Hoy parece impensable, pero a mediados del siglo XVIII, las colonias al sur del continente americano eran más prósperas que las de habla inglesa del norte, como bien nos recuerda Michel Reid en El Continente Olvidado. ¿Cómo se explica entonces que, con la industrialización y la expansión del capitalismo, las segundas se hayan convertido en la principal potencia del mundo, mientras que las primeras, en la región más desigual y una de las más inestables? ¿Por qué, mejor dicho, estaba Estados Unidos tanto más preparado para el capitalismo que sus vecinos del sur?
Hay, a grandes rasgos, tres tipos de teorías al respecto. Las primeras son culturalistas y le atribuyen esto a la influencia que tuvieron el protestantismo británico y el catolicismo ibérico en sus respectivas colonias. Max Weber fue el primero en señalar lo mucho que adiestra el protestantismo para el arte del capitalismo. Esto también explica por qué el capitalismo se desarrolló con mayor vigor en Holanda, Alemania y el Reino Unido que en la Península Ibérica. Mientras que para el protestantismo la acumulación perpetua de capital es una forma de enaltecer a Dios, para el catolicismo es motivo suficiente para acudir al confesionario. Más aún, a la vez que el catolicismo, según dice Santo Tomás, celebra las jerarquías sociales, el protestantismo privilegia la relación directa entre individuos y Dios. El protestantismo, en nombre de Dios, es tan individualista como el capitalismo en nombre de su majestad el dinero.
Las segundas son de carácter sociológico y resaltan la homogeneidad original de la ciudadanía norteamericana—compuesta casi que exclusivamente por blancos de clase media—, a diferencia de las latinoamericanas, cuyos contratos sociales se pactaron entre castizos, mestizos, mulatos y demás castas, dando origen a un orden social profundamente jerárquico.
Las terceras apuntan a la geografía.

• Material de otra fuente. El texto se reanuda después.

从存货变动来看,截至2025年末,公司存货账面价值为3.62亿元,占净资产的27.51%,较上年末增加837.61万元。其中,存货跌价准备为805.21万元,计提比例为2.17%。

Dicen los economistas Stanley Engerman y Kenneth Sokoloff que las condiciones geográficas del sur favorecieron economías de escala—azúcar, algodón, café y minería—, dando origen a grandes plantaciones y haciendas, exacerbando aún más la jerarquización social. Mientras tanto, las condiciones al norte favorecieron economías que no eran de escala —como el ganado o el cultivo de granos— lo que derivó en granjas familiares y una sociedad más igualitaria.

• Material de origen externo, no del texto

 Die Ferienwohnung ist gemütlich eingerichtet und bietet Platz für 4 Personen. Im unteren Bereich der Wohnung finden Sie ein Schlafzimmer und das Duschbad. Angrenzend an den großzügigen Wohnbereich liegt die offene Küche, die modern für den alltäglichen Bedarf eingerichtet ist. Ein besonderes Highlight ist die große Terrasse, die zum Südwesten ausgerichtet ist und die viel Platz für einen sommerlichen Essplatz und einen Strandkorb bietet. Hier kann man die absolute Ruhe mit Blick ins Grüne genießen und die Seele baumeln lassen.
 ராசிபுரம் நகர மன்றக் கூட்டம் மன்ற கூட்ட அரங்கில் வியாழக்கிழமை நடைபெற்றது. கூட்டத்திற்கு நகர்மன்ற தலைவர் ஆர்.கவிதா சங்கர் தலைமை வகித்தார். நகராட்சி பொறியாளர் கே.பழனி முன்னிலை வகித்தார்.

Una de las razones por las que el capitalismo no prosperó en el sur como lo hizo en el norte fue el grado tan alto de jerarquización.
Lo más probable es que ninguna de estas tesis por sí mismas sea suficiente para explicar la tan considerable diferencia entre los dos polos del continente, sino que esto se deba, precisamente, a que incidieron las tres. Sea lo que sea, las tres apuntan a que una de las razones por las que el capitalismo no prosperó en el sur como lo hizo en el norte fue el grado tan alto de jerarquización. En sociedades tan desiguales es prácticamente imposible construir mercados robustos, así como catapultar la innovación a través del viejo método de la competencia. Esto, a la vez, desvirtúa a los herederos de Thatcher y Reagan en la región que afirman que entre las prioridades del Estado debe aparecer la pobreza, pero no la desigualdad. Mientras esta región no se tome la desigualdad enserio, quizás nunca encontremos la redención capitalista ni dejemos de oscilar entre décadas doradas y perdidas.
Pero teniendo en cuenta las presentes circunstancias —en Colombia, el GINI en tierra rural es 0.89— la mano invisible del mercado por sí misma no está en condiciones de darle un puñetazo a la desigualdad, sino tan solo de concentrar aún más los recursos. De manera que no solo la producción, sino también la redistribución— que no es lo mismo que expropiar ni estatizar —deben estar en la mira de la mano visible del Estado. La redistribución es una precondición no para el socialismo, sino para el capitalismo. Para quienes la justicia social no es argumento suficientemente para declararle la guerra a la desigualdad, he aquí uno de carácter utilitario.